Here’s a disc of Musgraves that’s packed to the rafters with her 1960s avant-gardism – let’s allow the 1971 Horn Concerto a sympathetic embrace with the previous decade. But it’s the Concerto for Orchestra that gets the disc off to a tensile start. It opens in with a dream-like vista gradually assailed by soundwash eruptions – tolling, intercessionary pizzicati, and the monumental contempt of the brass. The clarinet bears a strong solo role here, as it often does in Musgrave’s writing and in its quelling of the turmoil it dons the cajoling, quiescent conviction of an orator. This is music of purpose, drive and character. Again and again the clarinet deflects and defuses the quelling malevolence of other sections, notably the brass, and its quiet courage anticipates a brilliant, conclusive and affirmatory conclusion.
 
Suitably the Clarinet Concerto, written for Lyrita’s soloist Gervase de Peyer, follows the convulsive drama of the Concerto for Orchestra. It was written a couple of years later and sees the soloist moving from one section of the orchestra to another. Textures and colours are of rich complexity and the mobility and dexterity of the ideas are tremendously exciting, as well as being tremendously exacting as well. The stentorian brass and terse string lines are two parts of the aural equation because the percussive tattoos and the introverted wind lines all add their patina to the tumult. The writing becomes searing – if it could the music would incinerate itself – and the clarinet is sent increasingly high to carve out its own space.
 
Once again the next concerto followed after a two-year gap.

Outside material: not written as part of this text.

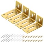 uxcellの4個セットL字型アングルブラケットは、8cmサイズでネジ付き、調節可能なスロットを備えています。キャビネットや棚、家具の固定・補強に最適な金色のステンレス製です。

Barry Tuckwell was the dedicatee of the Horn Concerto. There’s a prepared piano to add its own colour here and solo opportunities for violin and harp. The writing is powerfully dissonant and the soloist indulges in veritable Alpine pitch bending. The horn section, individually or collectively, echoes the solo protagonist or comments on him. There are some very fast jazzy runs for the horn – they put me in mind of the faster valve trombone jazz soloists of that era – and hints of some kind of affinity with Britten as well.
 
Monologue is a twelve-note piece written in 1960 for solo piano but not especially forbidding. There are some lovely games played in the furtive Fugato scherzevole section in particular. And finally there is the rather delightful Excursions. These are eight duets for piano, four hands, and they revel in games playing and charade wit. Try the car hooting in The Drunken Driver with its ensuing prang. Or the Misterioso Fog on the Motorway movement – delicious.
 
Whether dramatic or droll, this bipartite selection – big concertos and small piano works – has something for everyone; everyone that is who appreciates some healthy challenges and spatial awareness in their music.